True Grit: Stanford's Owen Marecic
By Brian Price
Stanford's Owen Marecic is a student-athlete who cracks helmets and books with equal skill.
He was a nominee for the 53rd William V. Campbell award, otherwise known as the academic Heisman. The award is presented annually by the National Football Foundation at a dinner in New York City. Athletes are nominated based on stellar play on the field, commitment to education and community, and excellence in all disciplines.
Marecic is the nation's only starter on both offense (as fullback) and defense (as middle linebacker). Both systems are considered pro-style and Marecic is often seen on campus with a playbook under each arm and book bag on his back. Marecic is working toward a degree in human biology and maintains a 3.47 GPA.
"Players like him are rare," said Archie Manning, NFF Chairman and Hall of Famer. "He's definitely a throwback player starting on both sides of the ball, but his humble nature is really refreshing.

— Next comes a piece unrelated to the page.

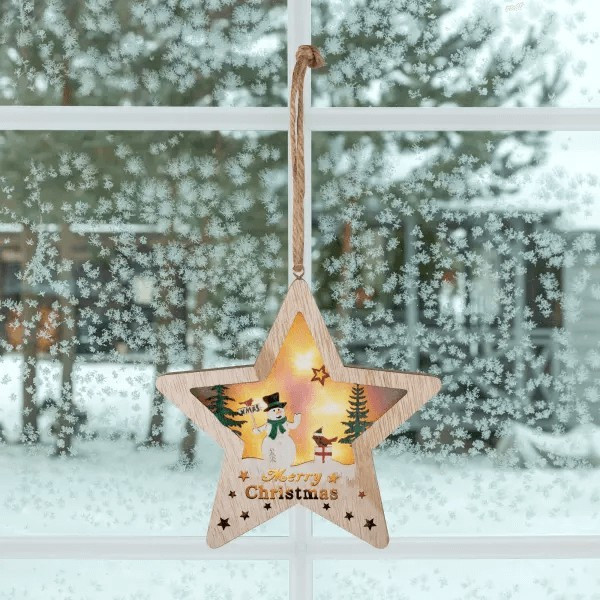 Karácsonyi csillag, fa ablak-, ajtódísz

He's had a great upbringing, he has a great heart and he's a very impressive young man. My hat is off to him."
Marecic is uncomfortable with individual accolades. Stanford head coach Jim Harbaugh has said that the heart of his offense runs through the fullback and that heart of his defense runs through the middle linebacker. Since Marecic starts at both positions, one could say he is the heart of Cardinal football. Marecic disagrees.
"I'm not comfortable with that title. It's about the team. This Stanford team is full of captains and leaders like [quarterback] Andrew [Luck], [wide receiver] Ryan Whalen, and [nose tackle] Simon Fua. I'm not the guy by any means."
On September 25, 2009 Marecic scored two touchdowns in a win over Notre Dame, one on offense and then one on defense within seconds of the first. Such a feat has not been accomplished since 2006.
His offensive touchdown came on a short and goal when Harbaugh called on his fullback to punch it in. Marecic sees it differently.
"Stepfan Taylor had been doing all the work on offense," Marecic said, "But I just finished the last inch of the drive. I wouldn't have had that opportunity had it not been for Stepfan."
Surely some credit is due to Marecic's defensive play when he perfectly jumped his man's rout for a pick-six. Nope.
"[Defensive end] Matt Masifilo got a great jump on the quarterback and [forced the bad pass] and I was just lucky to reap the benefit. Yes, I scored the touchdowns, but I had the easiest job in both instances," Marecic said.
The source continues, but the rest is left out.